If approved, HR 2515 would make clear that whistleblowers who raise concerns about alleged misconduct internally to their employers - but not to the SEC - are protected by the Dodd-Frank Act’s anti-retaliation provisions. Rep Al Green, D-Texas, introduced the bill earlier this month and it was passed by the House Committee on Financial Services. It now goes to the full House.
Dodd-Frank expanded the protections for whistleblowers and broadened prohibitions against retaliation. Under the law, the SEC implemented rules that enabled the agency to take legal action against employers who retaliate against whistleblowers. Broadly speaking, this means that companies cannot fire, demote, suspend, harass or in any way discriminate against an employee because they reported conduct that they reasonably believed violated the securities laws.
Dodd-Frank also created a private right of action enabling whistleblowers to file a retaliation complaint in federal court.
The SEC is authorized by Congress to provide monetary awards to eligible individuals who come forward with high-quality original information that leads to an SEC enforcement action in which more than $1 million in sanctions is ordered. The range for awards is between 10 percent and 30 percent of the money collected.
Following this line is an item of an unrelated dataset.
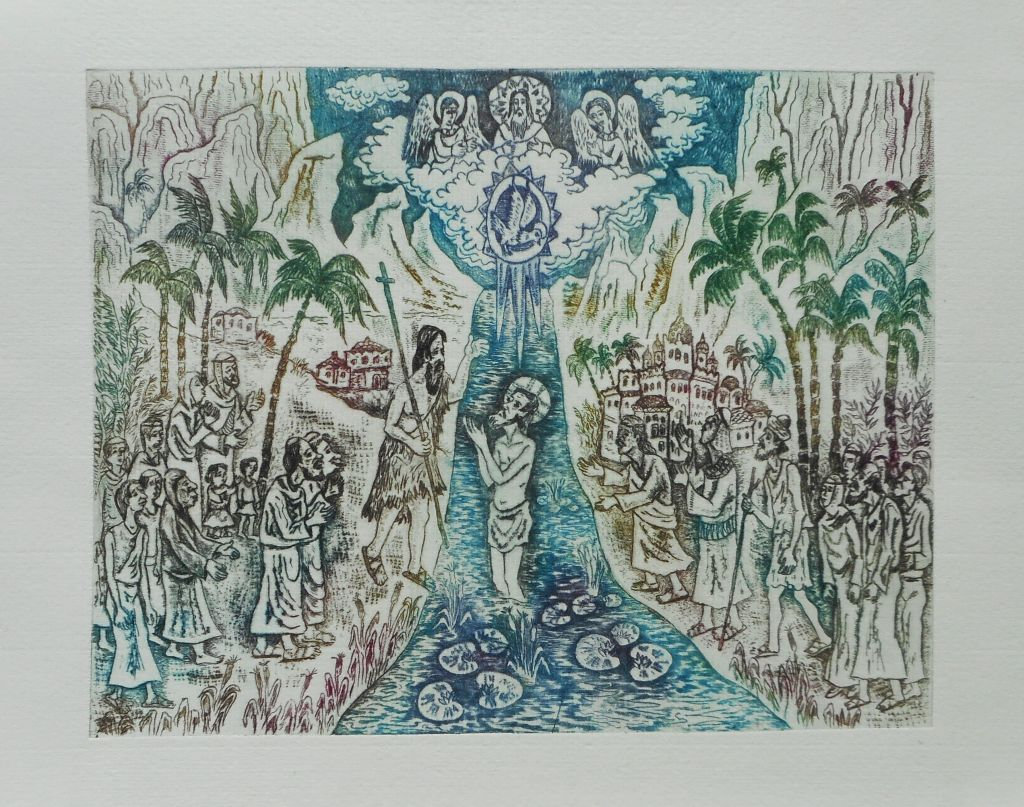 Pre najstarších: Môžeš si vyrobiť názornú ukážku Ježišovho krstu, podľa priloženého obrázku.

The SEC has awarded roughly $376 million to 61 individuals since issuing its first award in 2012.
When the whistleblower rules were introduced, chief compliance officers and other corporate representatives were concerned that the prospect of securing a reward would encourage employees to avoid in-house hotlines and other methods for relaying tips about potential misconduct. Companies in general would prefer to investigate such tips internally without – or before – having to go to the SEC.
For example, the Securities Industry and Financial Markets Association (Sifma) wrote in a 2010 comment letter on the SEC’s then-proposed whistleblower rules: ‘We believe that individuals, at least in the financial services industry if not more broadly, should be required to report potential misconduct to effective internal compliance reporting systems and allow those systems a chance to work in order to be eligible for a whistleblower award.’
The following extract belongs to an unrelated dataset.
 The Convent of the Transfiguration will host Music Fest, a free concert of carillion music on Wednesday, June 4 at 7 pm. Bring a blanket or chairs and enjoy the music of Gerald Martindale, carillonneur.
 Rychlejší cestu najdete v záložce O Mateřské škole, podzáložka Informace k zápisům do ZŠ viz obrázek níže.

In a letter to House Financial Services Committee chair Maxine Waters, D-California, and ranking member Patrick McHenry, R-North Carolina, Sifma expresses support for HR 2515 and states that reporting to the SEC should not be a requirement for protection under the anti-retaliation provisions of Securities Exchange Act.
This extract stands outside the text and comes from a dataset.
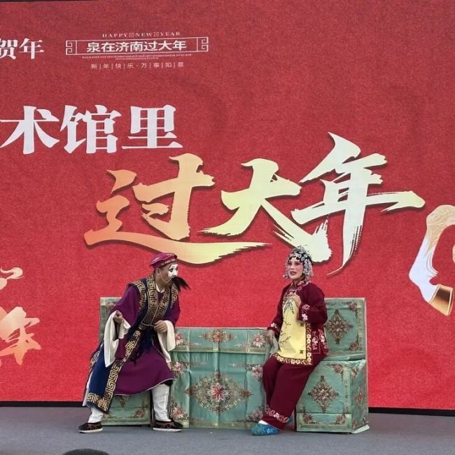 活动当天,美术馆洋溢着浓浓的新春气息,济南市吕剧院的专业演员身着精美戏服登场演绎优秀吕剧剧目《墙头记》。演员们唱腔委婉动听、身段灵动传神,将剧中人物的情感与性格展现得淋漓尽致;地道的齐鲁乡音与精湛的表演技艺,赢得了现场观众的阵阵掌声。现场欢声笑语不断,传统文化的暖意与新春的喜乐相互交融,为市民留下了难忘的文化记忆。

‘[W]e support this legislation because it extends protection to whistleblowers who report internally at privately-held companies (specified in the legislation), such as non-public broker-dealers,’ writes Mark Schuermann, managing director and head of federal government and international affairs at Sifma.
‘Protection for internal whistleblowers has been a policy goal of the SEC since the outset of its whistleblower program, and we support efforts by Congress (and the SEC) to make clear that the anti-retaliation provisions extend to these whistleblowers as well as any other efforts to encourage internal reporting.’
He adds: ‘Sifma continues to believe that the first and best line of defense against violations of the securities laws is a robust internal compliance program responding to internal reporting of whistleblower claims.’
‘Whistleblower complaints generally can be resolved most quickly, effectively and efficiently by allowing the company itself to investigate and respond in the first instance (although in many cases the SEC staff then will want to validate the conclusions of the company’s internal investigation),’ Schuermann writes. ‘We believe that extending the anti-retaliation provisions to internal whistleblowers would further the important policy goal of reporting potential violations of the securities laws.’